Add new HTTP policy configuration. Users can use "dfs.http.policy" to control the HTTP endpoints for NameNode and DataNode. Specifically, The following values are supported:

  • HTTP_ONLY : Service is provided only on http
  • HTTPS_ONLY : Service is provided only on https
  • HTTP_AND_HTTPS : Service is provided both on http and https

hadoop.ssl.enabled and dfs.https.enabled are deprecated. When the deprecated configuration properties are still configured, currently http policy is decided based on the following rules:

  1. If dfs.http.policy is set to HTTPS_ONLY or HTTP_AND_HTTPS. It picks the specified policy, otherwise it proceeds to 2~4.
  2. It picks HTTPS_ONLY if hadoop.ssl.enabled equals to true.
  3. It picks HTTP_AND_HTTPS if dfs.https.enable equals to true.
  4. It picks HTTP_ONLY for other configurations.

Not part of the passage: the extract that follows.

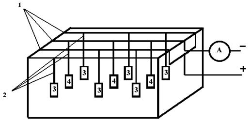 4.4.5 Подготовить гальваническую ванну: зачистить наждачной бумагой держатели для образцов, расположенные на штангах; промыть в воде аноды и завесить их в ванну по 3 шт. на каждую анодную штангу; закрепить стальные образцы и собрать электрическую схему (рисунок 4.1).

  • HDFS-4983 | Major | Numeric usernames do not work with WebHDFS FS

Add a new configuration property "dfs.webhdfs.user.provider.user.pattern" for specifying user name filters for WebHDFS.


  • HDFS-5663 | Major | make the retry time and interval value configurable in openInfo()

Makes the retries and time between retries getting the length of the last block on file configurable. Below are the new configurations.

dfs.client.retry.times.get-last-block-length dfs.client.retry.interval-ms.get-last-block-length

They are set to the 3 and 4000 respectively, these being what was previously hardcoded.


  • HDFS-5704 | Major | Change OP_UPDATE_BLOCKS with a new OP_ADD_BLOCK

Add a new editlog record (OP_ADD_BLOCK) that only records allocation of the new block instead of the entire block list, on every block allocation.